Евгению стало стыдно.
-- Это я во всем виноват! – горячо известил он.
-- Не вылечил Льва Николаевича горячим восторженным словом? – хмыкнул Коцебу. – Увы, от старости лекарства нет.
-- Ты приехал к нам с Катей в гости, -- не слушая, продолжил Красилов. – И тут, как нарочно, известие об уходе Льва Николаевича из Ясной Поляны и о его болезни. Да, я места себе не находил, но я обязан был исполнить долг гостеприимства, а не тащить тебя в Астапово, где наверняка ждали неприятности. И неприятности случились – убили женщину.

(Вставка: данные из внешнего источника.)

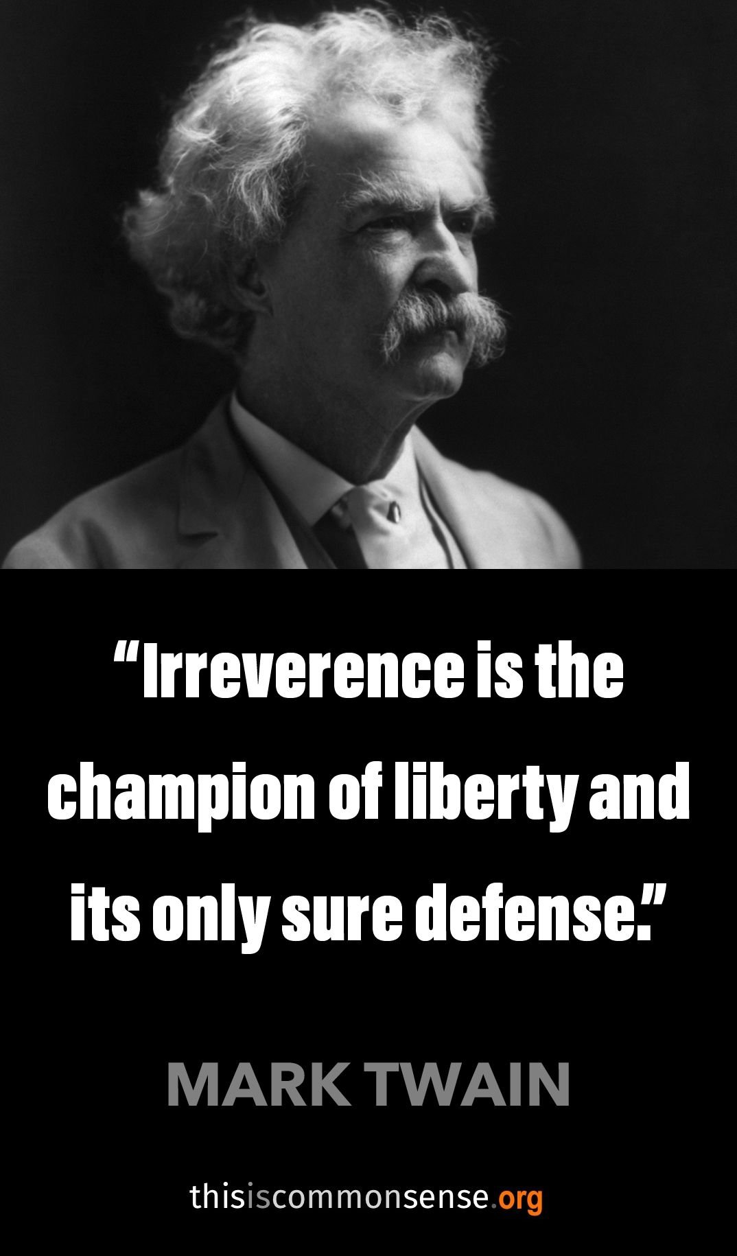 Our papers have one peculiarity — it is American — it exists nowhere else — their irreverence. May they never lose and never modify it. They are irreverent to pretty much everything, but where they laugh one good king to death, they laugh a thousand cruel and infamous shams and superstitions into the grave, and the account is squared. Irreverence is the champion of liberty and its only sure defense.
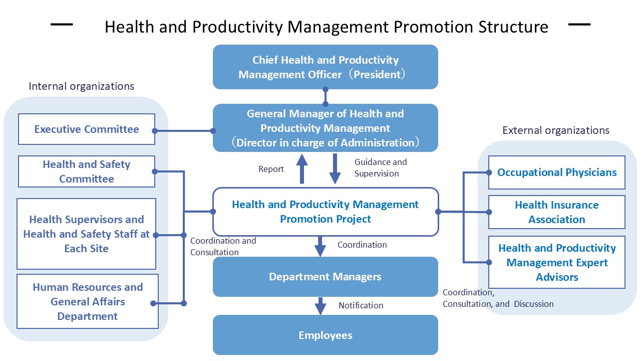 As a company-wide framework aimed at maintaining and promoting the health of employees across the Group, the executive officer in charge of administration, together with the Health and Productivity Management Promotion Project team, takes a central role in providing oversight and supervision. They collaborate and coordinate with external organizations and internal departments, share information, and examine initiatives based on data while verifying their effectiveness.
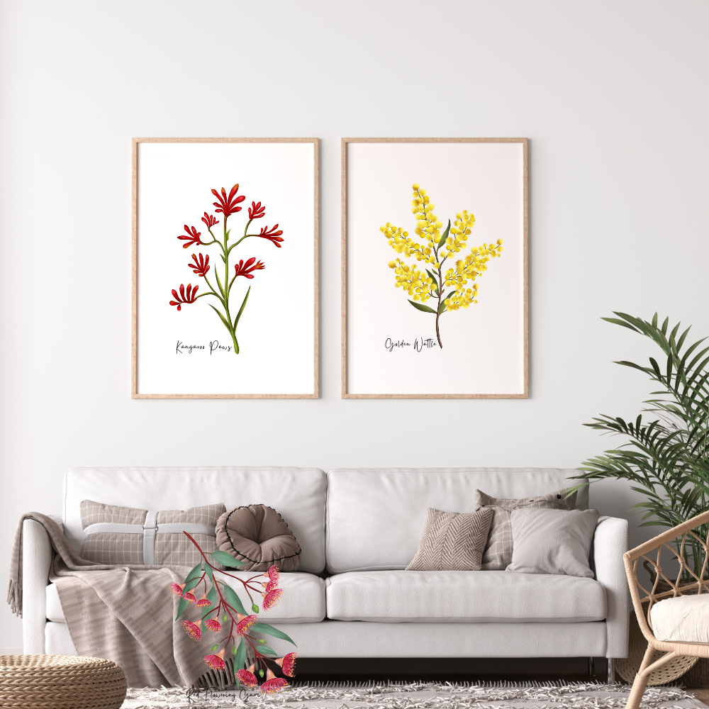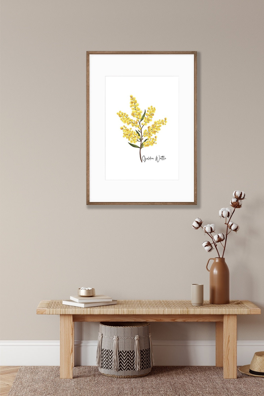 Our beautiful range of Native Australian Flora and Fauna Posters are designed in Australia. This beautiful colorful Golden Wattle flower will brigten up any room, use whatever frame you please and it will highlight the image and make the floral print stand out. Mix and match with other poster designs to create your perfect look. It comes in a specially designed* packaging and it makes the perfect gift for that someone special. Check out our other design ranges. *It has information about the flower. Frames not included.

Он ткнул рукой туда, где только что стоял автомобиль, не без удивления обнаружив, что того и след простыл, и догадаться, что совсем недавно здесь совершилось преступление, было совершенно невозможно.

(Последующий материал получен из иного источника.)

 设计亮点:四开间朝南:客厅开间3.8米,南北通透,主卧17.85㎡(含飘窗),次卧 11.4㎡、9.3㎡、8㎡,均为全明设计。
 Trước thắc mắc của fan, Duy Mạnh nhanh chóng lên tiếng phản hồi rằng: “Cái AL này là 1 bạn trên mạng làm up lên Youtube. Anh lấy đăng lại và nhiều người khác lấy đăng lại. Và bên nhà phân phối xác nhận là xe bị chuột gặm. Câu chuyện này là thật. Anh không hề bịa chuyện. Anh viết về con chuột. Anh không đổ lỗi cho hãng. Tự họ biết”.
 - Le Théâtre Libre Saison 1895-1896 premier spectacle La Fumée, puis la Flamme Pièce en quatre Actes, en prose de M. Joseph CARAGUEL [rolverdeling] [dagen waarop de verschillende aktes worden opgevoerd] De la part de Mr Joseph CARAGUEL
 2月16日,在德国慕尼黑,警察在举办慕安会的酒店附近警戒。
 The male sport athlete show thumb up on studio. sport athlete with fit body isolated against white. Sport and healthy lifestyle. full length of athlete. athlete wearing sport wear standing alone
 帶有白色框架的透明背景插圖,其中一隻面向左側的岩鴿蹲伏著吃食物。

Александр, махнув рукой, рассмеялся.
-- Восхищаюсь филологами! У них столь парадоксальная логика... я бы так не смог. Мы, адвокаты, мыслим примитивно. Прежде всего, я был в Москве по делу, а встреча с тобой и Катей – приятное дополнение. Так что вы не обязаны были со мной носиться. Далее, именно я, увидев твое состояние, предложил поехать в Астапово. Поверь, не будь у меня самого подобного желания, я бы этого не сделал. Кстати, жена у тебя – ангел. Не каждая отпустила бы мужа без слова упрека.
Евгений, женившийся совсем недавно и обожавший свою Катю, невольно расплылся в улыбке.
-- И, наконец, главное, -- продолжил собеседник. -- Ты, надеюсь, не считаешь, что Саломею Гольдберг убили специально, дабы окончательно испортить тебе настроение? Она погибла бы в любом случае. Но благодаря моему присутствию в Астапове есть шанс, что последствия несчастья будут минимальны. Если, конечно, я сумею-таки заняться расследованием, а не буду до вечера утешать страдающего друга.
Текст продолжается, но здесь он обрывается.